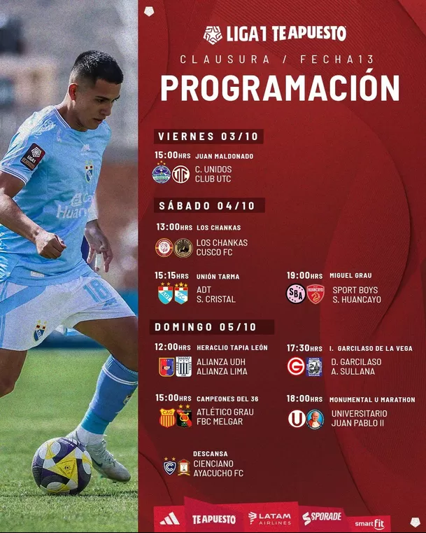 El Torneo Clausura 2025 de la Liga1 Te Apuesto ingresa en su recta final con la disputa de la fecha 13, que se jugará entre el viernes 3 y el domingo 5 de octubre. La jornada promete ser determinante tanto en la pelea por el título como en la lucha por la permanencia y clasificación a torneos internacionales.
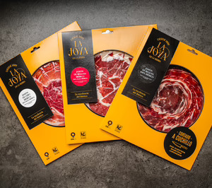 La marca de jamón ibérico 'La Joya', elaborada por Industrias Reunidas Jabugo (grupo Vall Companys), ha lanzado sus primeros loncheados, formato con el que se adapta a las nuevas exigencias del canal tradicional especialista, Horeca y mercados internacionales, canales donde concentra sus ventas. Así, además de servir jamones y paletas ibéricas en piezas, 'La Joya', también estará presente en platos redondos con jamón ibérico loncheado a mano y envasado al vacío en porciones de 90 gramos.
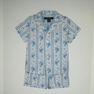 These charming kids pajamas feature a delightful floral pattern in soothing blue tones. Perfect for a cozy night's sleep.
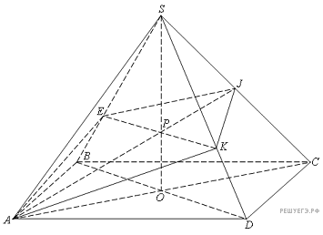 Итак, ребро SC пирамиды перпендикулярно к двум пересекающимся прямым АТ и KT, лежащим в плоскости построенного четырехугольника AETK. Значит, эта плоскость перпендикулярна ребру SC. Из перпендикулярности SC и (ETK) следует, что В таком случае KT = ET как проекции равных наклонных SK и SE к (ETK),
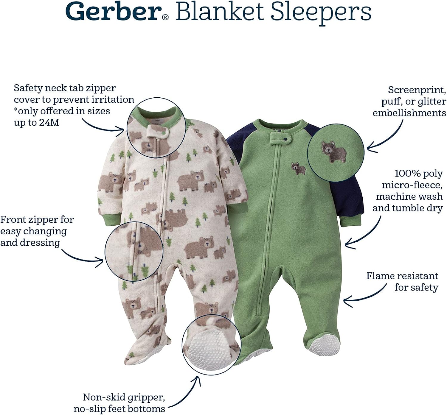 Gerber Baby Boys’ Toddler Loose Fit Flame Resistant Fleece Footed Pajamas 2-Pack(Blue Dogs)
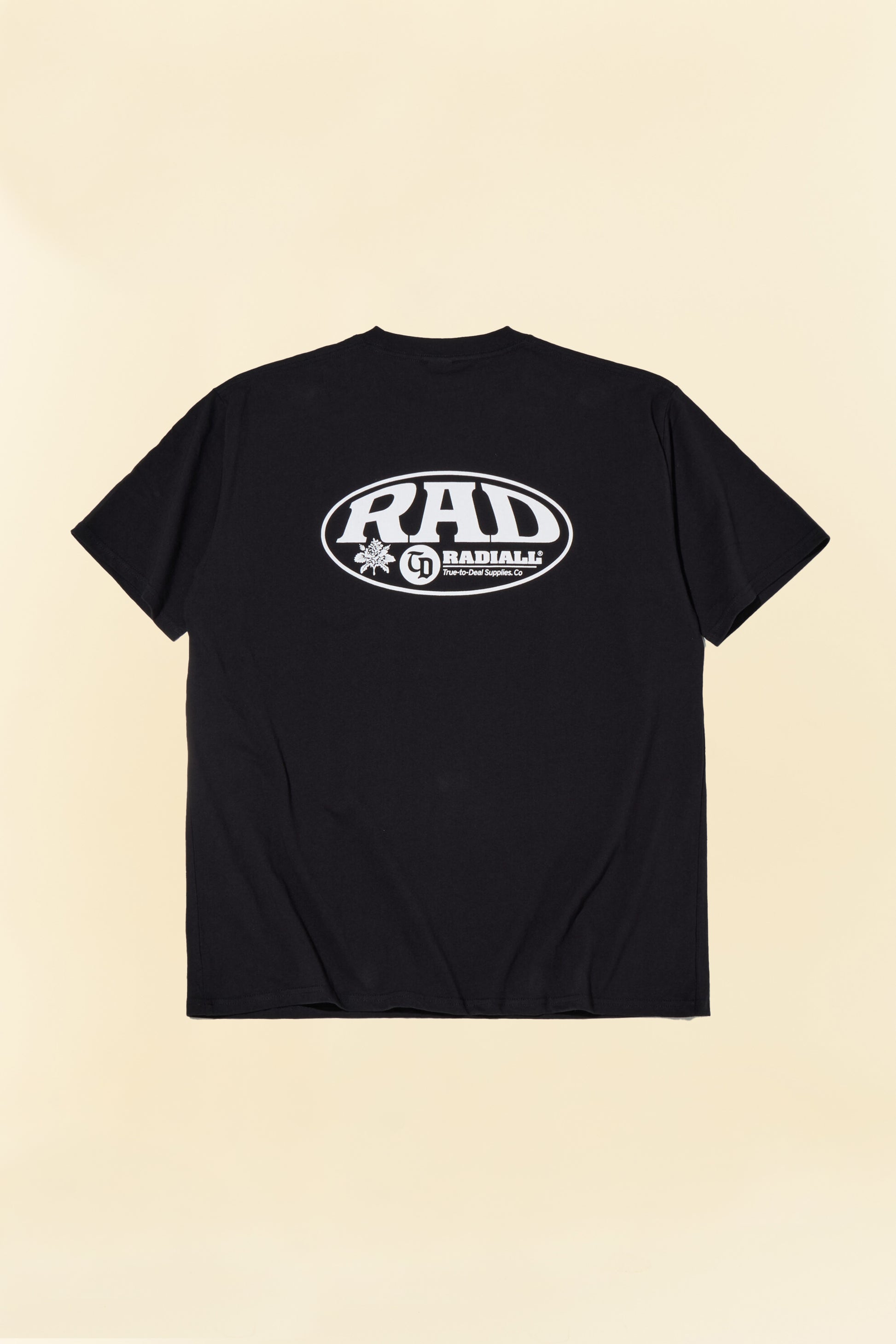 The Label Tee takes its cue from classic record label logos, reworking that bold graphic style into a piece that reflects Radiall’s roots in music and streetwear. Set against a black cotton base, the chest print captures the cultural mash ups that define the brand, blending subcultural reference with everyday wearability.
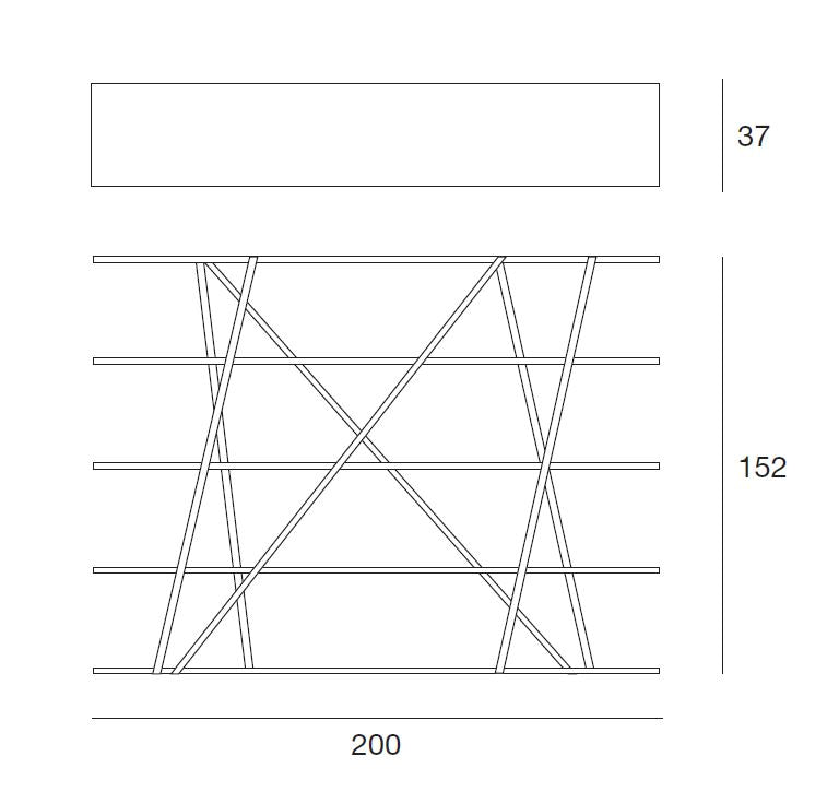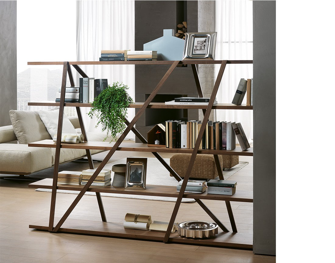 O piesă de atracție vizuală remarcabilă, această bibliotecă se mândrește cu un design atractiv și original. Are o structură verticală și diagonală din aluminiu, furniruită din nuc canaletto și cinci rafturi din lemn furniruit. Un plus versatil și funcțional pentru o casă contemporană.
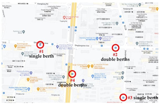 During the morning peak hours (around 7:30–8:30), bus dwelling data were collected by video detection in Gulou District, Nanjing, Jiangsu, which spans working days from 19 October 2021, to 23 October 2021. The dataset involves four bus stops (see their geographic locations in Figure 3); of that, the No. 1 bus stop and No. 3 bus stop have a single berth, and the No. 2 bus stop and No. 4 bus stop have double berths. No. 1 bus stop and No. 4 bus stop are bus bay stops and No. 2 bus stop and No. 3 bus stop are curbside bus stops. These four bus stops keep considerable distances from intersections, which can neglect the interaction between the bus stop and nearby intersections. Table 1 shows the details related to the four bus stops.
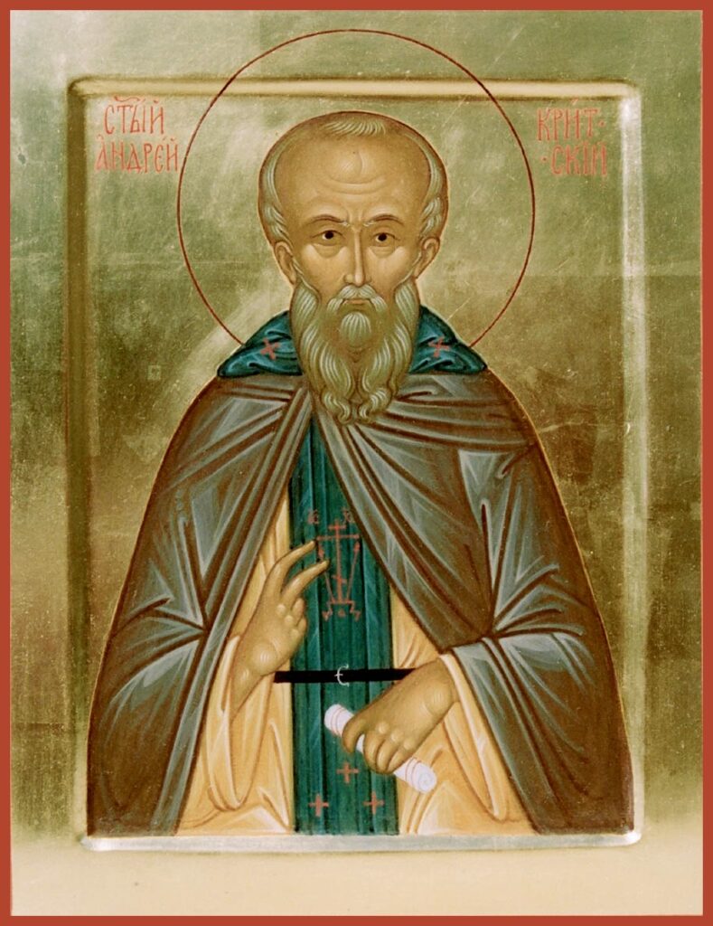 Прмч. Андрей Критский жил в VIII веке при императоре-иконоборце Константине Копрониме. Он публично обличил правителя в гонениях на веру, утверждая, что почитание иконы есть почитание Самого Христа. За это святой был схвачен и подвергнут жестоким истязаниям. Скончался по пути к месту казни.
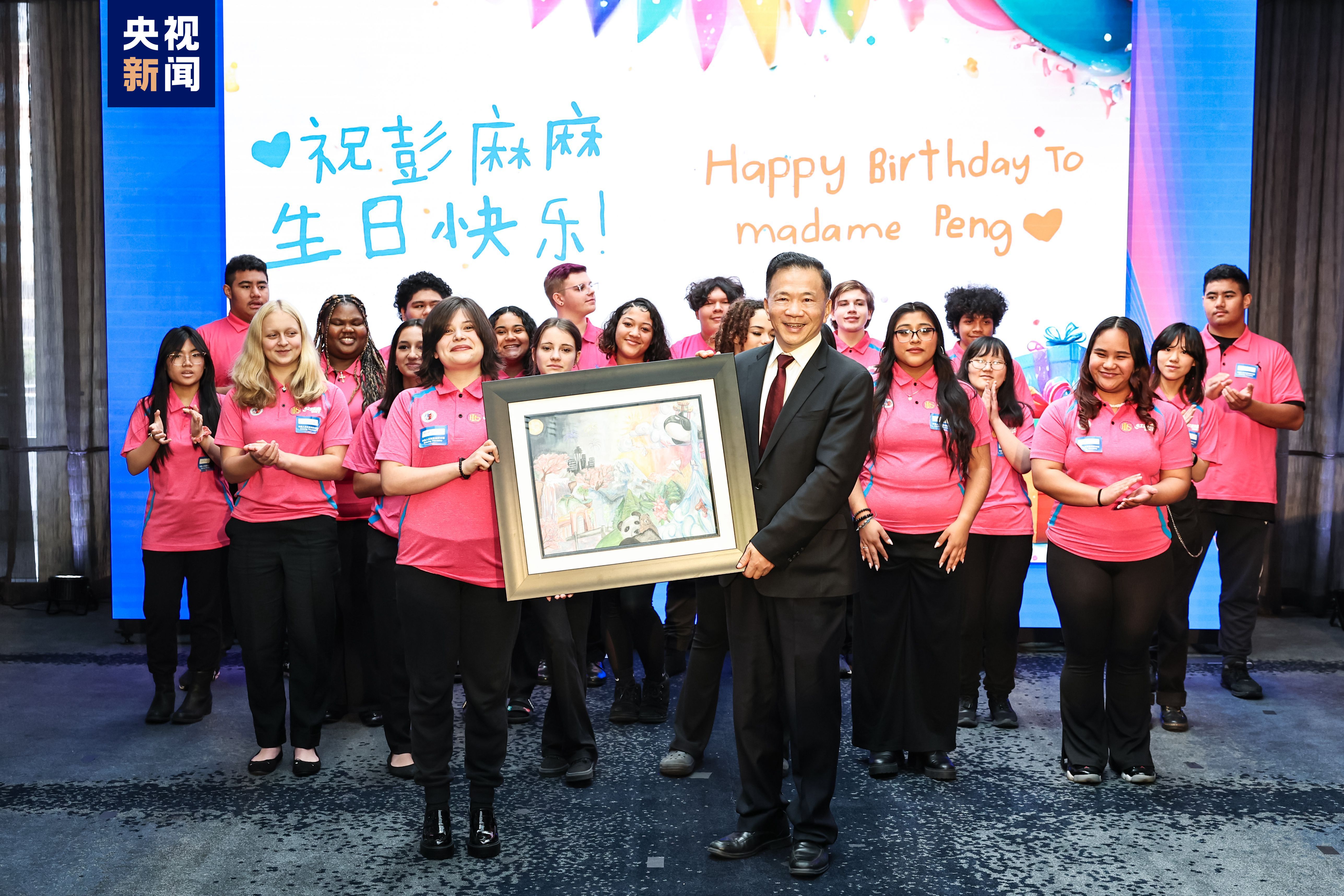 活動現(xiàn)場,來自華盛頓州林肯中學(xué)的合唱團(tuán)演唱了中文歌曲《在希望的田野上》和英文歌曲《伴我同行》,祝愿中美友誼的紐帶更加牢固,煥發(fā)新的活力。同學(xué)們還為習(xí)近平主席和夫人彭麗媛精心準(zhǔn)備了手繪畫作《一起向未來》,并用精美的生日賀卡和《生日快樂》歌親切地為“彭麻麻”送上了生日祝福??偱_臺長代為接收。
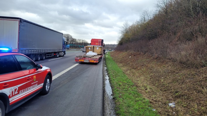 Um 11.44 Uhr wurden die Einsatzkräfte auf die Autobahn 1 gerufen. Kurz vor dem Rastplatz Bruchmühle in Fahrtrichtung Köln war ein LKW auf einen zweiten LKW aufgefahren. Die Feuerwehr sicherte die Einsatzstelle gegen den fließenden Verkehr und stumpfte auslaufende Betriebsmittel ab. Ein LKW Fahrer verletzte sich bei dem Aufprall leicht. Nach einer Behandlung durch den Rettungsdienst konnte er vor Ort belassen werden. Die Feuerwehr übergab nach ca. 60 Min. die Einsatzstelle an die Autobahnpolizei. Die Feuerwehr Gevelsberg war unter Leitung des diensthabenden Einsatzleiters Peter Dietrich mit 17 Kräften auf der Autobahn im Einsatz.
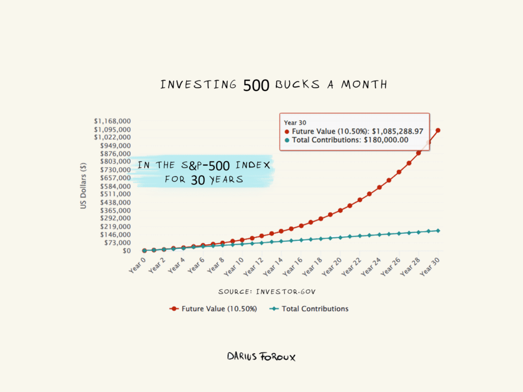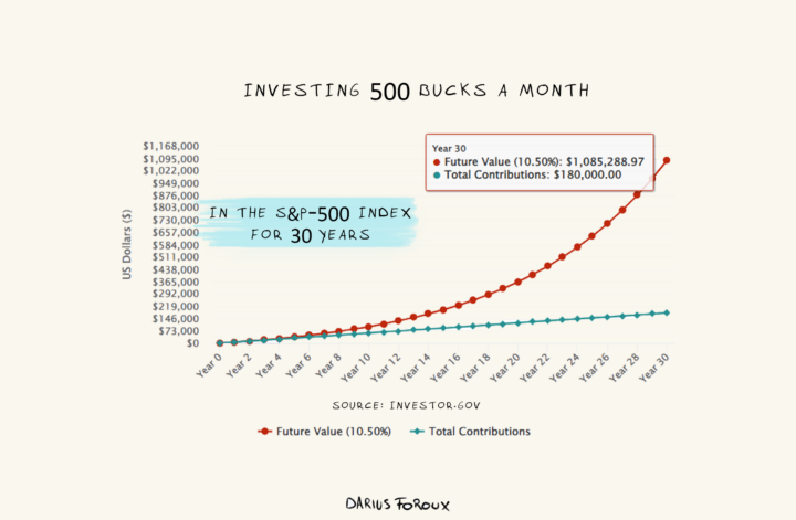 But that’s okay. Because you will see that your money is doing its work. Especially in the stock market. The S&P 500 goes up and down. Up and down. But it doesn’t die. In the past 30 years, despite wars and pandemics, the S&P 500 still averages a 10.7% annual return.1Source: The Motley Fool
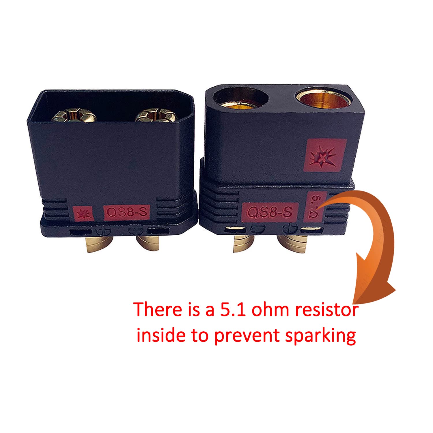 Product Specification *Product Model: QS8 Male and Female Antispark High Current Battery Connector *Shell Material: Nylon With Fiber *Plug Material: Gold Plated Brass *Max Temperature: 200? *Continuous Current: 110A *Max Peak Current: 500A *MAX Wire: 6AWG *Diameter: 8.0mm *Packing: 5 Pairs Why choose us? qs8 connector male & female Plug ( QS8.0mm-S) Set- This system guarantees constant charging of the capacitors on ESC and allows the battery to be connected without S??r?s on your ESC when you first plug in.-The design also provides no chance of incorrect polarity connection. Once soldered up, there are plastic guards that clip on each connector giving you a neatly wired plug and helps prevent short circuits.-These QS8-S heavy Dut? gold plated connectors with built-in antispark.Guaranteed Long Battery Life.
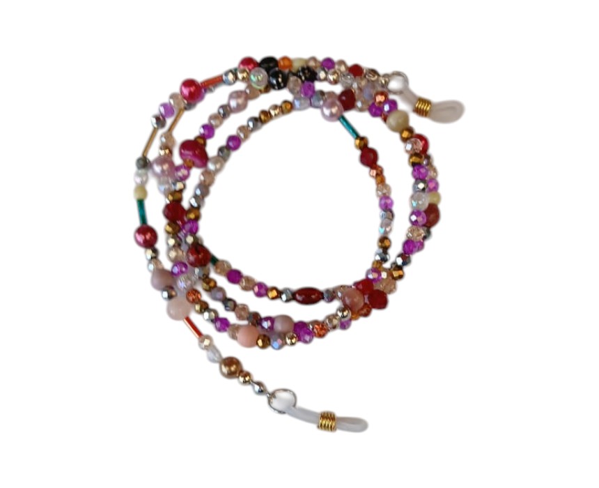 Never lose your eyewear again with this long handmade eye-glass necklace. Crafted with a delicate mix of colored pearls, crystals, and small beads, this functional accessory keeps your glasses close while adding a touch of elegance to your look. The lightweight design ensures it won’t pull on your frames, while the high-quality items guarantee durability. A perfect gift for teachers, students, or anyone who wears glasses and appreciates handmade art.

========================================================================

* **Problem statement**
The data above holds the lines to copy: start at the one with "Um 11.44 Uhr", stop at the one with "But that’s okay.", include both, copy them exactly without pictures, and copy nothing else.

* **Answer below**
 Um 11.44 Uhr wurden die Einsatzkräfte auf die Autobahn 1 gerufen. Kurz vor dem Rastplatz Bruchmühle in Fahrtrichtung Köln war ein LKW auf einen zweiten LKW aufgefahren. Die Feuerwehr sicherte die Einsatzstelle gegen den fließenden Verkehr und stumpfte auslaufende Betriebsmittel ab. Ein LKW Fahrer verletzte sich bei dem Aufprall leicht. Nach einer Behandlung durch den Rettungsdienst konnte er vor Ort belassen werden. Die Feuerwehr übergab nach ca. 60 Min. die Einsatzstelle an die Autobahnpolizei. Die Feuerwehr Gevelsberg war unter Leitung des diensthabenden Einsatzleiters Peter Dietrich mit 17 Kräften auf der Autobahn im Einsatz.
 But that’s okay. Because you will see that your money is doing its work. Especially in the stock market. The S&P 500 goes up and down. Up and down. But it doesn’t die. In the past 30 years, despite wars and pandemics, the S&P 500 still averages a 10.7% annual return.1Source: The Motley Fool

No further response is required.